What's behind the current US-Turkey spat?

What's behind the current US-Turkey spat?

What's behind the current US-Turkey spat?

On Friday that relentless slide turned into a crash: the lira dropped as much as 18 percent, hitting USA and European stocks as investors took fright over banks' exposure to Turkey.

Economists say the lira's fall is due to worries about Erdogan's influence over the economy, his repeated calls for lower interest rates, and worsening ties with the United States over the detention of a Christian pastor and other disputes.

Turkey's president, Recep Tayyip Erdoğan, is opposed to raising interest rates to cool down the economy and support the currency, and has used his recent election victory to impose his unorthodox views on the country's central bank. It fell as much as 12 per cent at one stage on Monday, then recovered to a loss of 8.5 per cent.

Turkish President Recep Tayyip Erdogan said on Saturday that his country was now looking to form alternative economic alliances from "Iran, to Russian Federation, to China and some European countries", after the United States "upset and annoyed" its North Atlantic Treaty Organisation ally with sanctions that greatly exacerbated the lira's existing troubles. "This would be another blow for EMs as an asset class". Contagion is also fueled by concern that fund managers who have lost heavily in Turkey or other emerging assets will look to sell more liquid parts of those portfolios to meet expected redemptions.

The dollar strengthened as traders dumped Turkish lira.

Also weighing on the materials index were shares of First Majestic Silver Corp., which fell 14.9 per cent after the miner reported a larger-than-expected loss in the second quarter.

Investors have grown increasingly concerned about President Tayyip Erdogan's growing control over the economy and a deepening diplomatic rift with the United States, with those concerns snowballing into a market panic last week.

"The global financial system is so interconnected that we tend to think of them as a group and financials come under pressure", said Art Hogan, chief market strategist at B. Riley FBR in NY.

Turkey and the United States have disagreed on a number of issues in recent years, including the war in Syria and a USA refusal to extradite Fethullah Gulen, a cleric Erdogan claims is behind the botched attempt to unseat him.

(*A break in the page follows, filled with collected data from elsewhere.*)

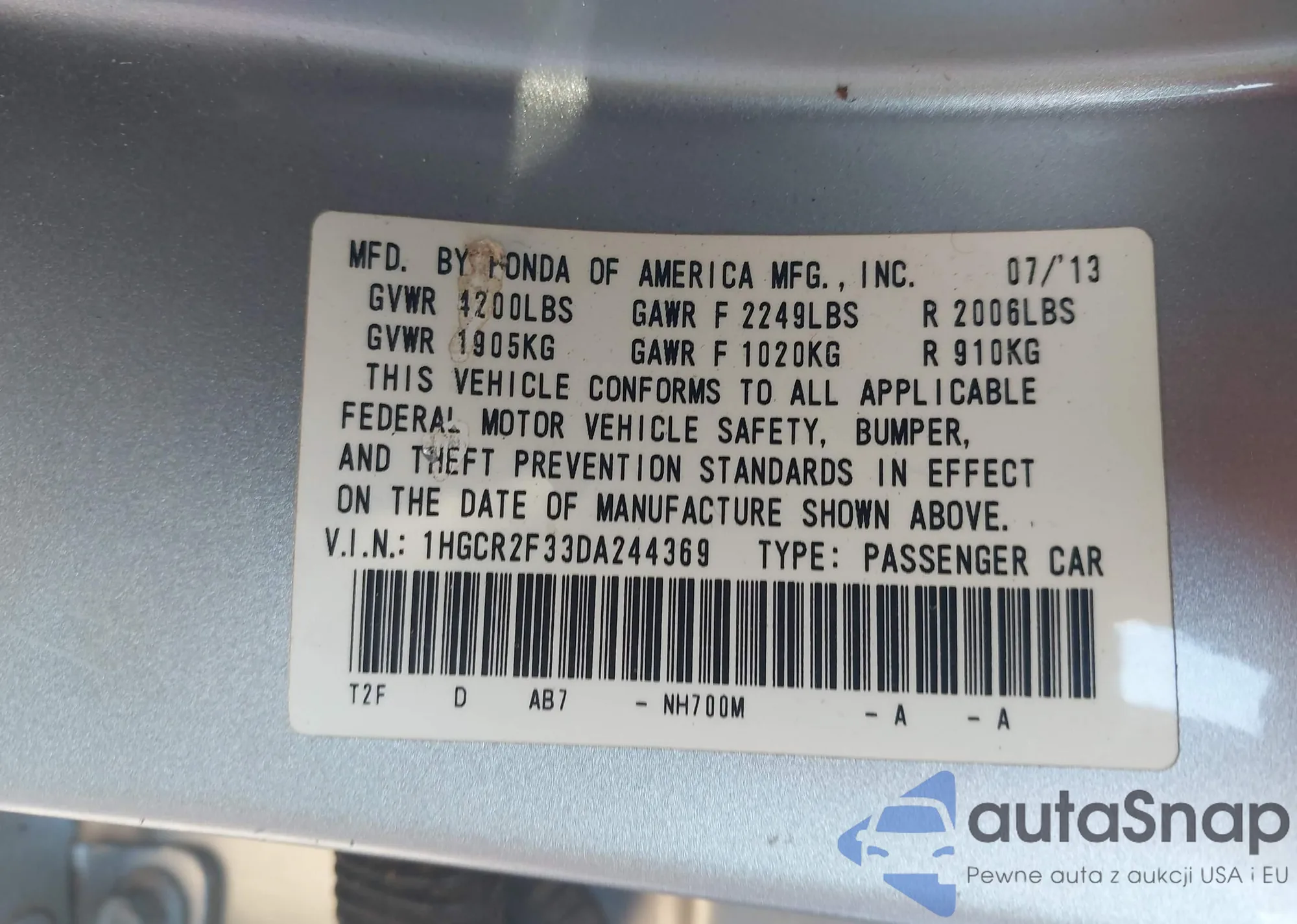 LOT: 43642475 VIN: 1HGCR2F33DA244369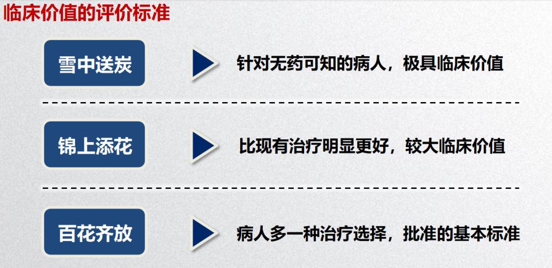 第二类,锦上添花型。比现有临床用药效果明显更好,比如,一些新的肺癌药物,有很显著的优势,这类的药物同样具有较大的临床价值。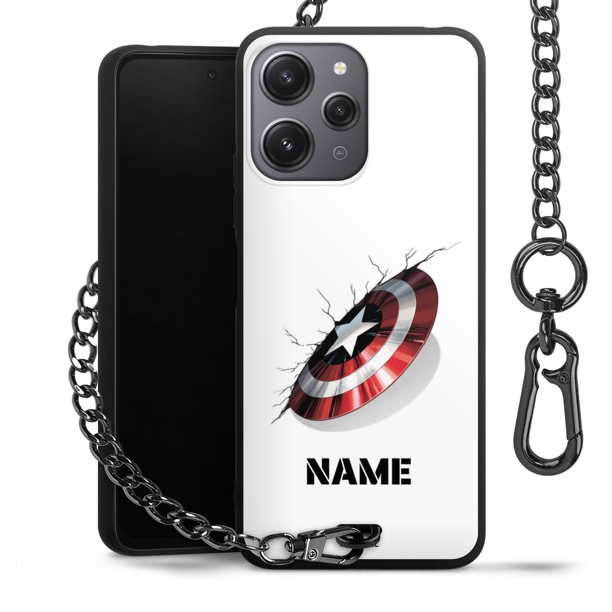 - Mattschwarze Handyhülle mit Metallkette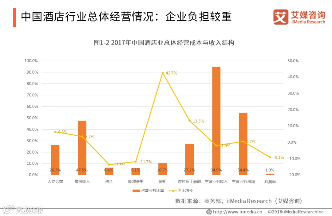 iiMedia Research(艾媒咨询)数据显示,2017年,中国酒店应付职工薪酬为营业额的27.2%,较上年增长13.3%;房租为营业额的10.7%,较上年增加42.7%。成本费用的上涨抵消了营业额增长的空间。总体来看,酒店行业企业负担较重,利润率仅为1.0%,比上年下降9.1%,盈利水平低,面临转型压力。
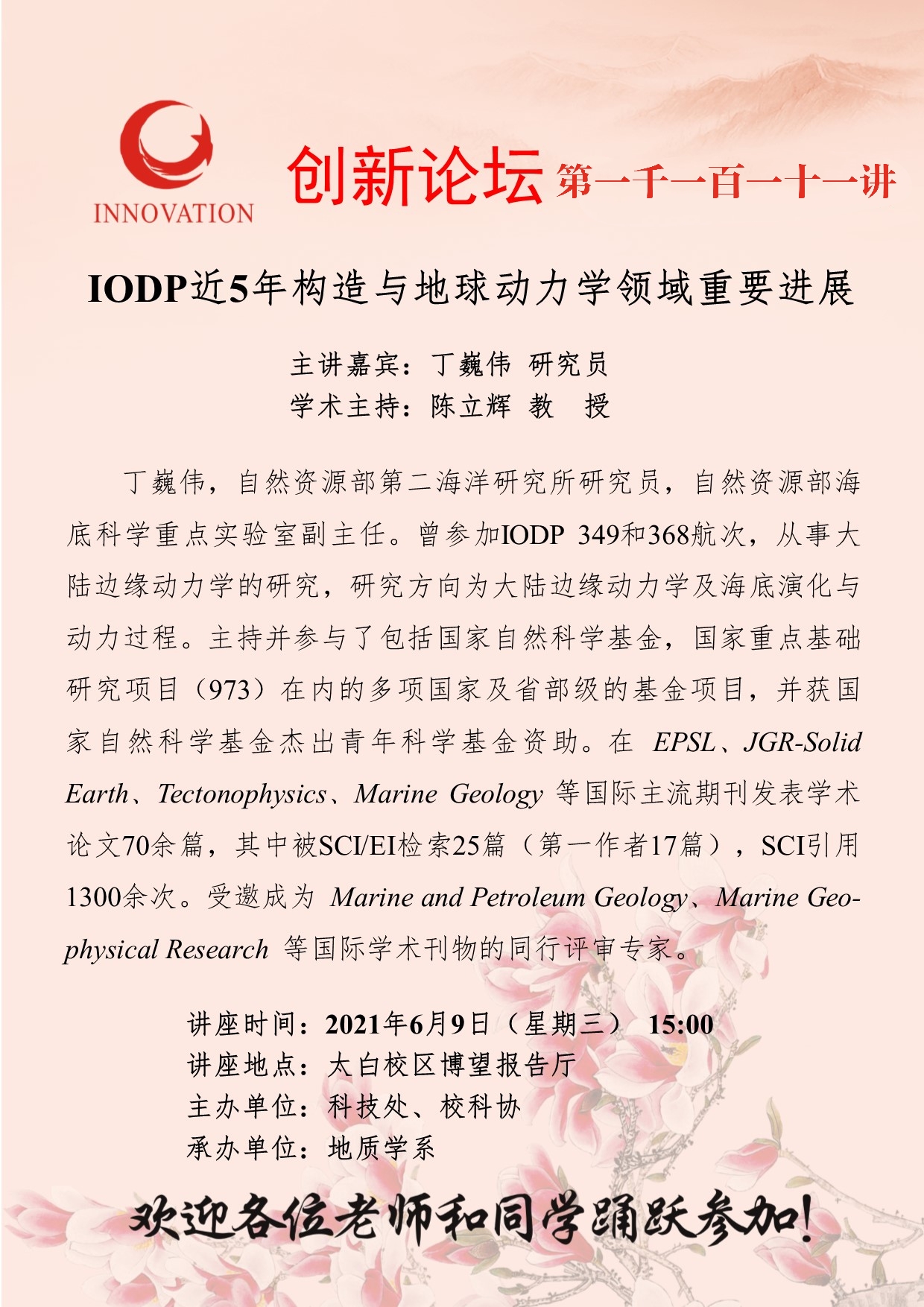 丁巍伟 研究员 437ccm·必赢国际创新论坛第一千一百一十一讲:IODP近5年构造与地球动力学领域重要进展 讲座时间 2021年6月9日(星期三) 15:00 讲座地点 太白校区博望报告厅 讲座人介绍 丁巍伟 研究员 讲座内容

The Nasdaq composite broke an eight-day rising trend and sank 0.7 percent to 7,839.11.

In Asian trading, the euro also skidded to a one year low of $1.13, the single currency's lowest level against the USA currency since July 2017.

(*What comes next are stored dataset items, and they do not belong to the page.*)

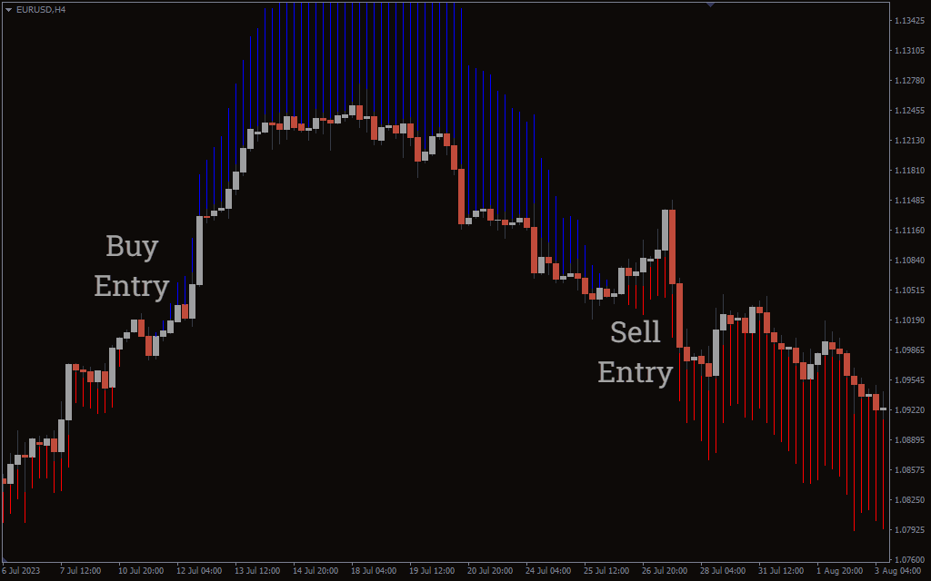 Thus, the indicator would paint a first blue bar at the top of a candlestick to signal the beginning of a potential long-term bullish move. On the other hand, it paints a first red bar at the bottom of a candlestick to indicate the beginning of a potential bearish move. Besides, it keeps displaying the blue/red bars as the trend progresses.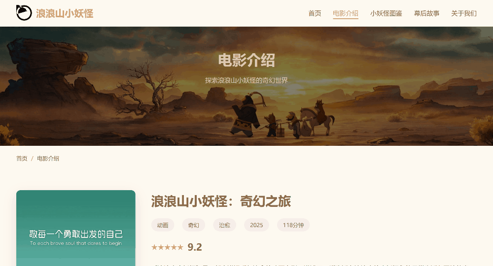 <p>浪浪山小妖怪团队致力于创作温暖治愈的动画作品,希望通过我们的作品传递快乐与希望。</p>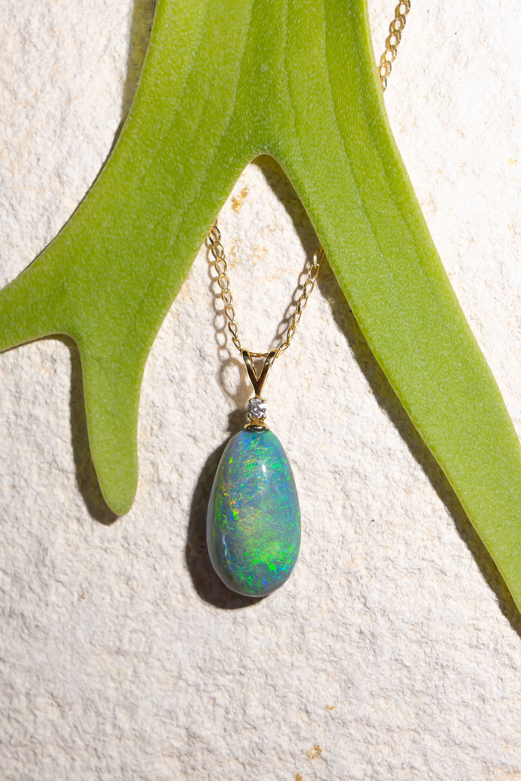 This pendant is the most beautiful semi black crystal Opal, it swirls with intense greens and blue visible at any angle.

On Monday, benchmark stock indexes in Tokyo, Hong Kong and Shanghai were all down more than 1.5% in late morning trading. Turkey's Istanbul 100 stock market hit its lowest level in dollar terms since March 2009. "Bond yields might start to widen and most Aussie banks borrow a fair bit from offshore".

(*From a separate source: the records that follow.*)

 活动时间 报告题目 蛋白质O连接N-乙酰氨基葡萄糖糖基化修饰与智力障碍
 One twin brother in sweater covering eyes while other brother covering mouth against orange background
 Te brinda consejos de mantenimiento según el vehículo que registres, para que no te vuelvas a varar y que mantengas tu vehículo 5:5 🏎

Thomas Cook also lost 2.4 percent and EasyJet retreated 1.4 percent. US gold futures fell 1.52 percent to $1,200.50 an ounce.

Oil prices fell on Monday after data suggested inventories at the USA crude delivery hub rose in the latest week, compounding worries that troubled emerging markets and trade tensions will dent the outlook for fuel demand.

'Aluminum will now be 20 per cent and Steel 50 per cent. BBVA is the most exposed, followed by UCG, ING, BNPP and HSBC, whose share price was down 0.8 per cent in afternoon trading. The Canadian Syncrude processing facility has begun ramping up light oil production and was expected to return to full production in September.

Foreign exchange strategists with Commonwealth Bank of Australia (CBA) reckon the Euro exchange rates will not suffer lasting damage from the Turkish financial crisis.

They would be in addition to the tariffs of 25 per cent on steel and 10 per cent on aluminum that the USA imposed in March for imports from a variety of countries.